Other priorities include putting new focus on low socioeconomic students, who typically do not have the resources at home to help them excel in school. Those students also tend to have more academic assistance needs and discipline issues.

Brewer said expanding the number of youngsters enrolled in the free Voluntary Prekindergarten Program, or VPK, is key to students’ long-term success.  Currently, VPK is available at every elementary school in Marion County and, again, is free. But because of transportation issues or simply parental indifference, about half of eligible prekindergartners in Marion County do not participate. Brewer said those who do take part in VPK show double the academic growth of those who do not.

In higher grades, Brewer said she wants to offer ever more opportunities for students to prepare them for life after school, and she is working with the business community to develop programs that will help assure that.
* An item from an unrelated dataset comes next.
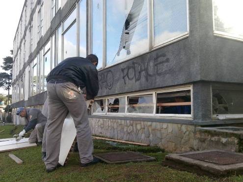 Na foto acima, funcionários trabalham para fechar os buracos onde os vidros da prefeitura de Curitiba foram quebrados. Veja o álbum de fotos no Faceboca

“Every student has a dream, regardless of background,” she said. “Every student has a dream, regardless of their situation. And every student has a dream, regardless of capability.

“Our job is to meet them where they are, supporting, encouraging and lifting them to reach the dreams they imagine for themselves.”

As a mother of two now-grown products of the Marion County Public Schools and a former high school principal (North Marion High), Brewer believes our high schools have the tools and programs to help our children achieve those dreams, whether they seek to pursue a college degree or to learn a trade.

She called the career and technical development programs in each high school “incredibly impressive” and worthy of more support.

“We’re still the best thing for high school students,” she told The Marion Mosaic.

Brewer’s challenges, however, stretch beyond the classroom and academics. She takes the helm of Marion County schools as the community is ranked by the Census bureau as the fastest-growing city in the country. Two new elementary schools – Winding Oaks and Ross Prairie, in southwest Marion – are set to open this fall, while a new 2,300-student high school, South Marion, near Marion Oaks, is set for an August 2027 opening.

Moreover, the 1-mill special school property tax that voters have approved in 2014, 2018 and in 2022 is up for renewal this year, and Brewer hopes voters will once again give it their support. The tax generates more than $41 million a year for the schools.

“A community that cares about its students is a community,” she said, “that is investing in its future, and one that extends beyond budgets, buildings and buses. … When students succeed, our community succeeds.”

Brewer also faces reducing the district’s employment rolls by more than 50 positions because of budget limitations, in part because of the loss of millions of dollars in federal funding tied to the COVID-19 pandemic that have disappeared in the past couple of years.

Finally, Brewer is proud that she now leads a school district where she made her career and in which she raised her own children. She said she is working hard to meet as many people as possible in and out of the school system to explain her plans and her goals. She believes she has an eager and accepting audience in both cases.

“The general public wants our school system to be great,” she said.

As for her colleagues within the school system, she believes her having come up through the system gives her a cleared-eyed vision of what its needs and problems are, as well as what its strengths and successes are.

“My first thought was how excited I was for our school community and for our community, that a local leader would be at the helm, who truly knows the students, teachers, schools and community better than an outside candidate,” Brewer said.

For someone who started out disadvantaged and scholastically challenged, Brewer said her overriding goals is simple:

“We want to teach every child to succeed.”